WHAT YOU NEED TO DO =
Please make an exact copy of the lines from the one holding "上記がもらったアマゾンのギフト券です。重要なコード箇所は省いています。" through the end of the data, both ends included, with no pictures.

STORED DATA =
□ □ □
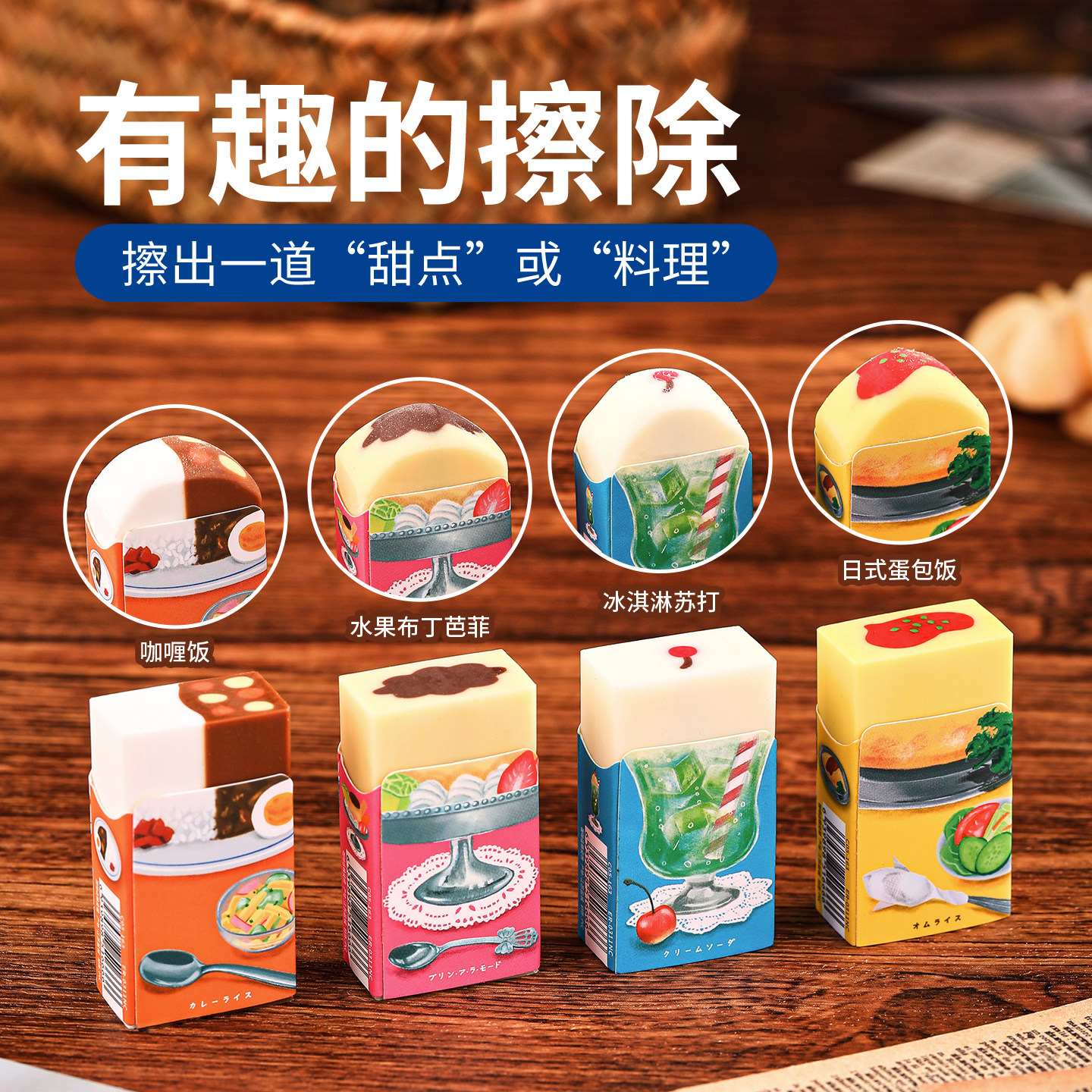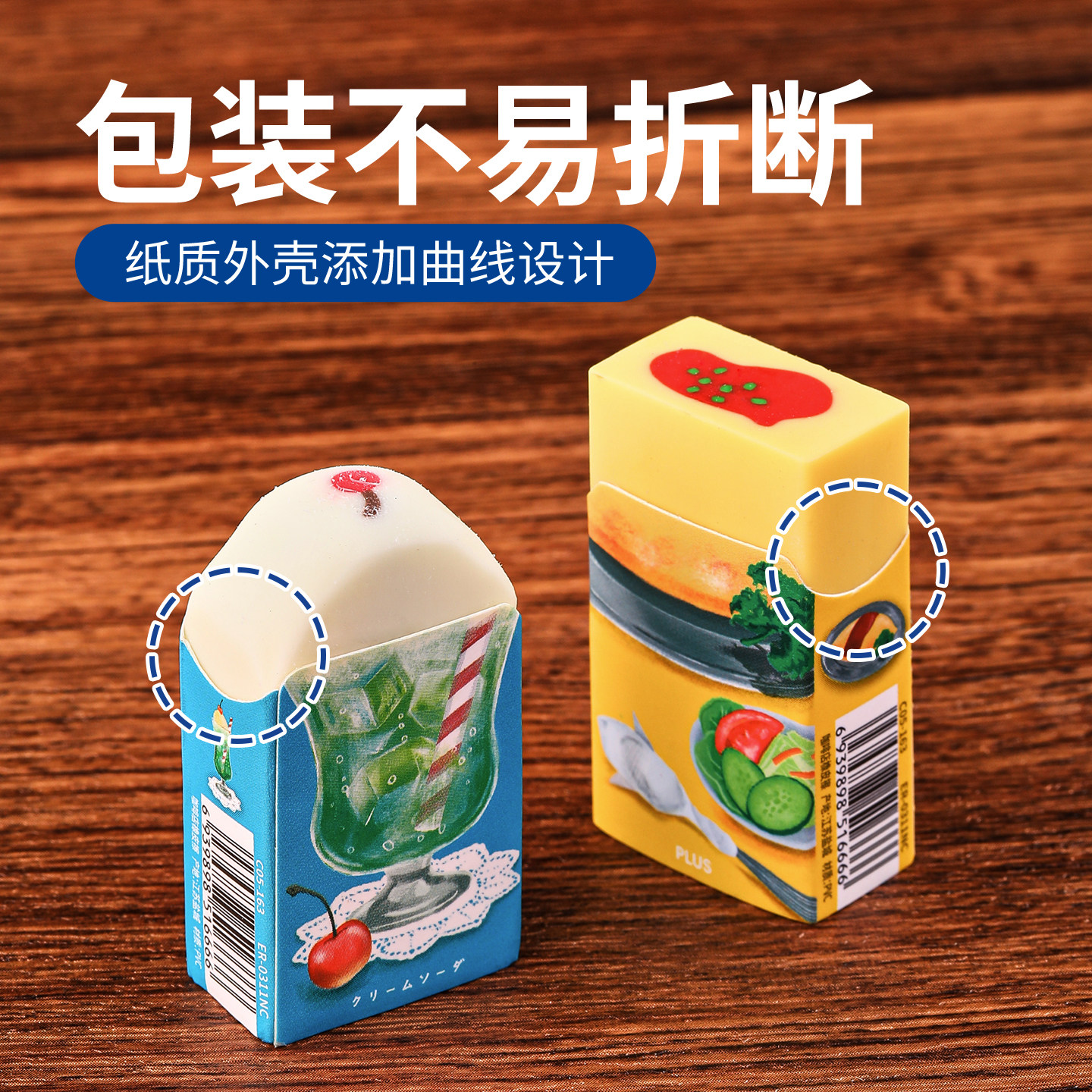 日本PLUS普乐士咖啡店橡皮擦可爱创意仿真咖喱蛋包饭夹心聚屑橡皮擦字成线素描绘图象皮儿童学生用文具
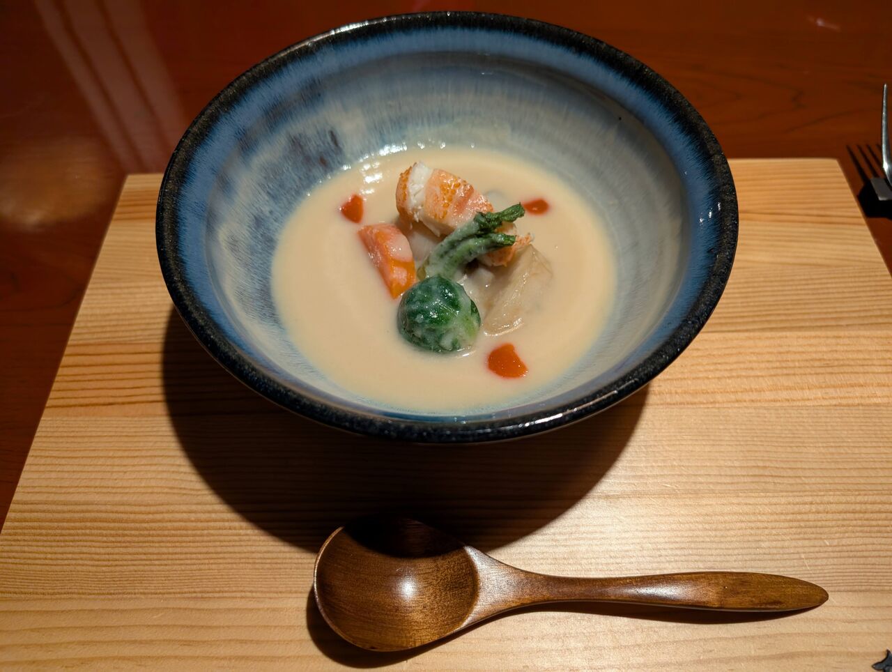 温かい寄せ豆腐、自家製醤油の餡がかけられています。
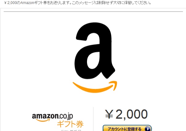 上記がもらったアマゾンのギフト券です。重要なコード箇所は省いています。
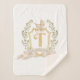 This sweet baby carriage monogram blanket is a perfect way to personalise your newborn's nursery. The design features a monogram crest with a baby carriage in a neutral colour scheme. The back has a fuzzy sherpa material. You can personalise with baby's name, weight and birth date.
□ □ □
REPLY =
 上記がもらったアマゾンのギフト券です。重要なコード箇所は省いています。
 This sweet baby carriage monogram blanket is a perfect way to personalise your newborn's nursery. The design features a monogram crest with a baby carriage in a neutral colour scheme. The back has a fuzzy sherpa material. You can personalise with baby's name, weight and birth date.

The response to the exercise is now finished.